*** Opening of DATA TO PROCESS ***

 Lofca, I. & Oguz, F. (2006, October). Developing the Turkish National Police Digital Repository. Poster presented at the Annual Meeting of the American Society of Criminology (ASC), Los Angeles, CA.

*** Close of DATA TO PROCESS ***
*** Opening of DATA TO PROCESS ***

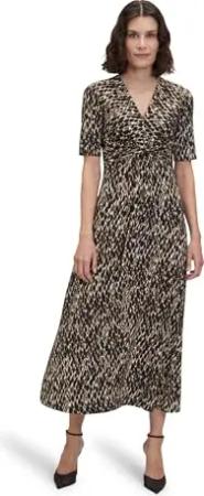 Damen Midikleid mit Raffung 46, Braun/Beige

*** Close of DATA TO PROCESS ***
*** Opening of DATA TO PROCESS ***

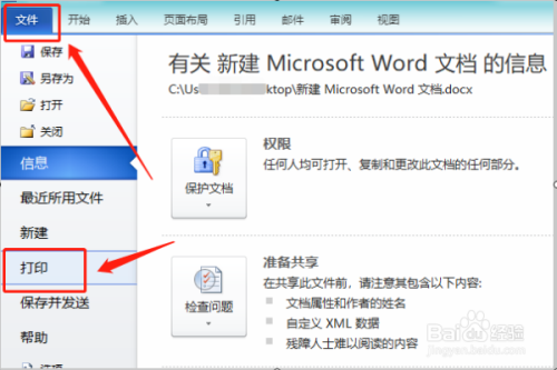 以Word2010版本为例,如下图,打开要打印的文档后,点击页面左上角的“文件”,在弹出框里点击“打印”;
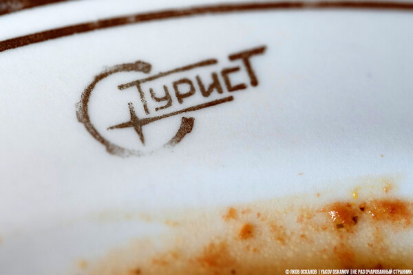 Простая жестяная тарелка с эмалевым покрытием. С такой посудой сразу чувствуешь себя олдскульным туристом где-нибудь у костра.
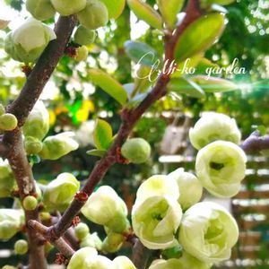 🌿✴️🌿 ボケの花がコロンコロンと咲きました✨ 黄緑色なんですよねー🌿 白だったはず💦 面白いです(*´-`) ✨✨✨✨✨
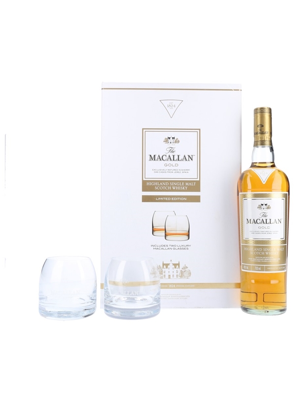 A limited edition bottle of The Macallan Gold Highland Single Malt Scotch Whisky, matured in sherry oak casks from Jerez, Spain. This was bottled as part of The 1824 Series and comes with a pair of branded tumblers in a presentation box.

*** Close of DATA TO PROCESS ***

YOUR INSTRUCTIONS:
Since the pictures are not part of the copy, please transcribe only the lines above from the one with "Простая жестяная тарелка" through the one with "A limited edition", exactly and with both ends.

OUTPUT OF THE EXERCISE:
 Простая жестяная тарелка с эмалевым покрытием. С такой посудой сразу чувствуешь себя олдскульным туристом где-нибудь у костра.
 🌿✴️🌿 ボケの花がコロンコロンと咲きました✨ 黄緑色なんですよねー🌿 白だったはず💦 面白いです(*´-`) ✨✨✨✨✨
 A limited edition bottle of The Macallan Gold Highland Single Malt Scotch Whisky, matured in sherry oak casks from Jerez, Spain. This was bottled as part of The 1824 Series and comes with a pair of branded tumblers in a presentation box.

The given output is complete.